Latest Updates from Budget 2024 and Budget 2025
The Union Budget 2024 introduced several key changes in mutual fund taxation:
For FY 2024 25 onwards:
- LTCG on equity oriented mutual fund units revised to 12.5% from 10%
- STCG on equity oriented mutual fund units increased to 20% from 15%.
- Enhancement in the annual exemption limit from ₹1 lakh to ₹1.25 lakh for long term capital gain in case of certain capital assets including equity oriented mutual fund units
Key Difference Between Short Term and Long Term Capital Gains
Particulars |
Short Term Capital Gains (STCG) |
Long Term Capital Gains (LTCG) |
Meaning |
Gains from selling mutual fund units within the specified short holding period |
Gains from selling mutual fund units after the specified holding period |
Equity Mutual Funds |
Sold within 12 months |
Sold after 12 months |
Tax Rate (Equity Funds) |
20% (previously 15%) |
12.5% (previously 10%), with ₹1.25 lakh exemption |
Debt Mutual Funds |
Taxed as per income slab |
Taxed as per income slab (indexation benefit removed) |
Tax Efficiency |
Less tax efficient due to higher rates/slab taxation |
More tax efficient with lower flat rates |
Impact on Returns |
Reduces net returns if sold early |
Maximizes post tax returns if held long term |
How to Calculate Capital Gains Tax
- Classify the type of fund and holding period
- Identify gain type: short term or long term
- Apply relevant tax rate
- Deduct the exemption limit of ₹1.25 lakh if applicable (for LTCG)

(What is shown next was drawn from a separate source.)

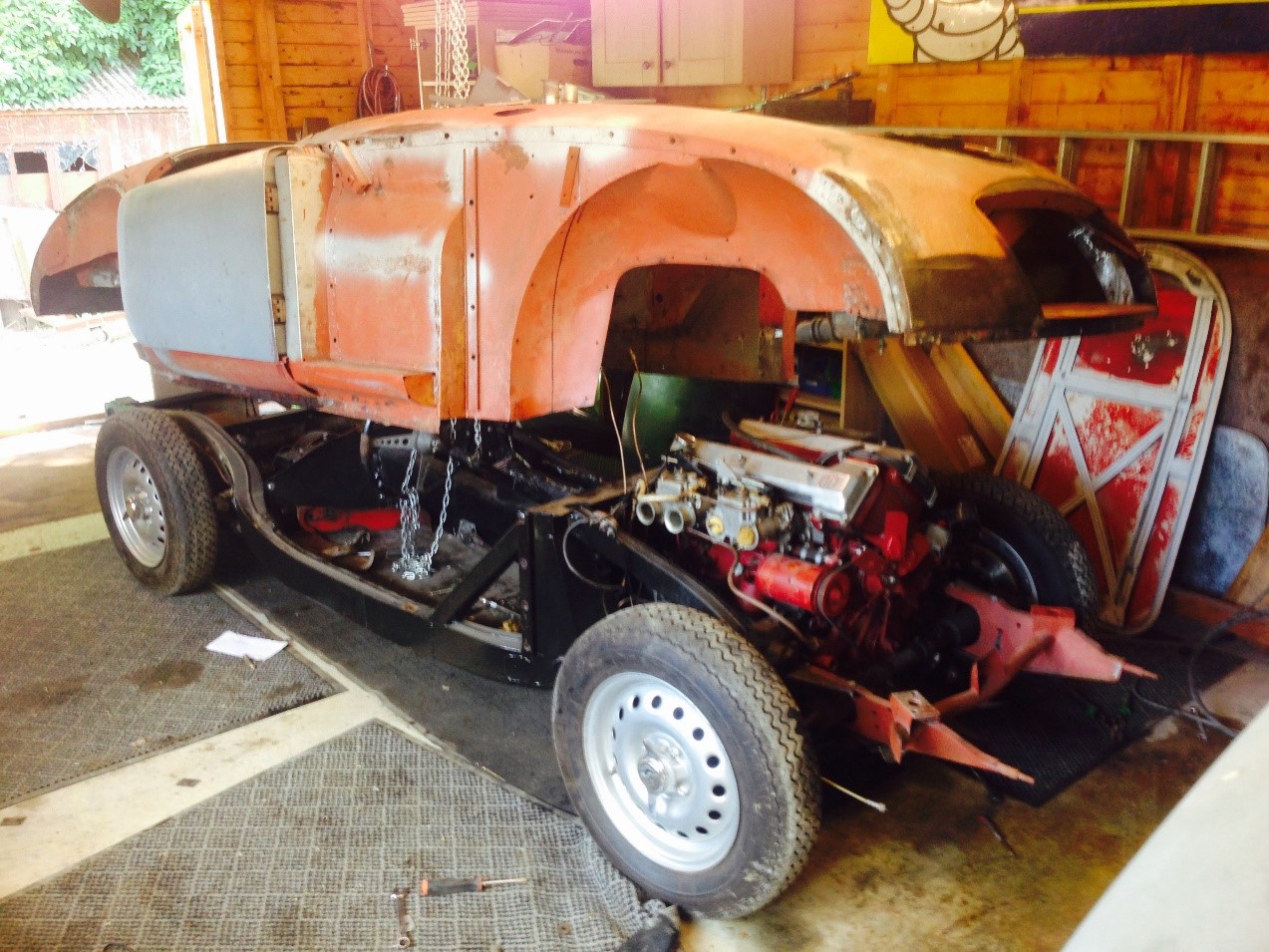 The body tub had to have some welding and repairs before it could be sent away for paint. As a final check for fit, the body was lowered onto the completed chassis to check everything was in the correct alignment before finally being removed and placed onto a specialist jig for paint.

Strategies to Minimize Capital Gains Taxes
Maximizing returns involves knowing how to save tax on mutual fund investments. Here are some effective strategies:
- Invest for the Long Term: Holding investments for over 12 months in case of equity oriented mutual fund schemes helps you qualify for long term capital gains (LTCG), benefiting from a lower tax rate and the ₹1.25 lakh exemption.
- Offset Short Term Losses: Use short term capital losses to offset long term capital gains, reducing taxable income.
- Invest in ELSS Funds: ELSS funds offer tax deductions under Section 80C, allowing you to save up to ₹1.5 lakh on taxable income. To maximize tax savings and grow wealth, investing in ELSS is a smart choice. You can avail tax benefits through SIP and long-term appreciation. Start investing and explore the benefits with the Kotak ELSS Tax Saver Fund.
Short Term vs Long Term: Which is Better
It depends on your goals:
- Need liquidity soon? STCG may suit you though taxed higher
- Building wealth? LTCG with exemption benefits is smarter
In most cases, short term vs long term capital gains should be evaluated before any redemption.
Common Misconceptions about Capital Gains
- "LTCG is always better" – Not always, It depends on returns, holding period, and tax slab.
- "Capital losses can't offset gains" – False, short term capital losses can offset Long Term Capital Gains.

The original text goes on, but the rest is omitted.